● **Input data**
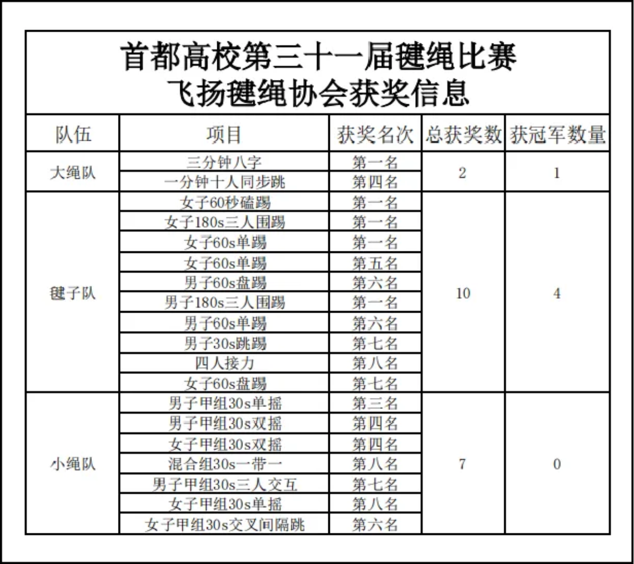 12月1日,首都高等学校第三十一届毽绳比赛在华北电力大学体育馆举行,来自北京大学、中国传媒大学等高校的36支跳绳比赛队伍和30去踢毽比赛队伍参加了本届赛事。中石大毽绳队队员在比赛中表现出色,荣获多项佳绩,个人项目的女子60秒磕踢、女子60秒单踢荣获第一名,团体项目的3分钟8字跑集体长绳项目、女子180秒三人围踢、男子180秒三人围踢均荣获第一名。学校获得毽子团体第四名、跳绳团体第六名的好成绩,并被授予体育道德风尚奖。
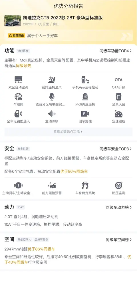 综上所述的新车含税价、用车成本、市场行情、优势分析、同款比价等数据仅供参考。在配置部分,因为二手车非标品,车辆可能会存在配置改装的情况,具体车况信息需要线下结合车辆实际情况进行综合参考。
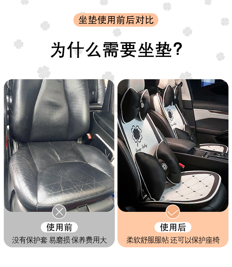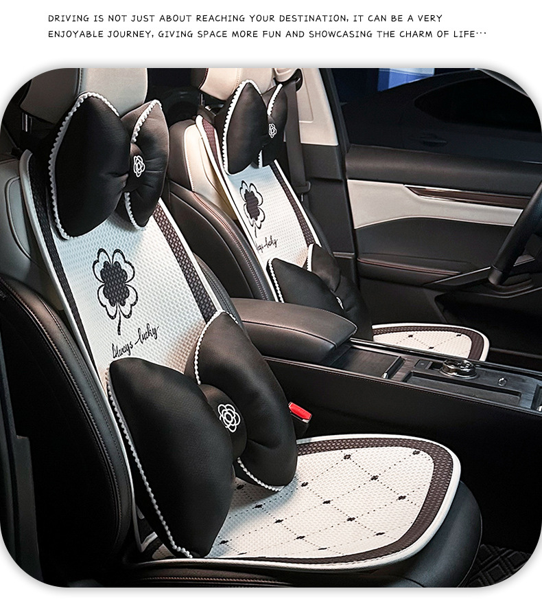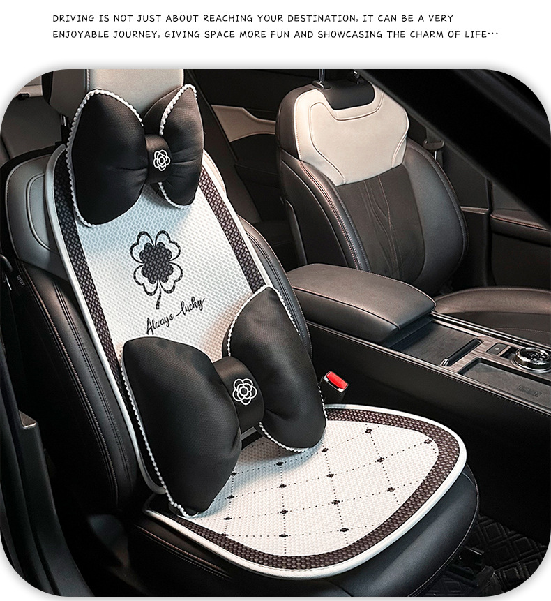 自動車クッション氷糸プリント四葉草車載通気シングルシートクッションファッション女神自動車クッション夏
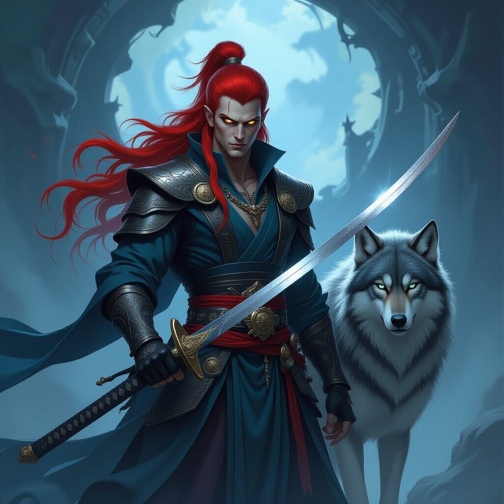 This image depicts Kairos, the Greek god of void and fatherhood, with red hair and blue eyes, holding a katana beside a wolf. Rendered in a dark fantasy art style with dramatic lighting.

● **Problem**
Print the material above verbatim except the pictures.

● **Answer for the task**
 12月1日,首都高等学校第三十一届毽绳比赛在华北电力大学体育馆举行,来自北京大学、中国传媒大学等高校的36支跳绳比赛队伍和30去踢毽比赛队伍参加了本届赛事。中石大毽绳队队员在比赛中表现出色,荣获多项佳绩,个人项目的女子60秒磕踢、女子60秒单踢荣获第一名,团体项目的3分钟8字跑集体长绳项目、女子180秒三人围踢、男子180秒三人围踢均荣获第一名。学校获得毽子团体第四名、跳绳团体第六名的好成绩,并被授予体育道德风尚奖。
 综上所述的新车含税价、用车成本、市场行情、优势分析、同款比价等数据仅供参考。在配置部分,因为二手车非标品,车辆可能会存在配置改装的情况,具体车况信息需要线下结合车辆实际情况进行综合参考。
 自動車クッション氷糸プリント四葉草車載通気シングルシートクッションファッション女神自動車クッション夏
 This image depicts Kairos, the Greek god of void and fatherhood, with red hair and blue eyes, holding a katana beside a wolf. Rendered in a dark fantasy art style with dramatic lighting.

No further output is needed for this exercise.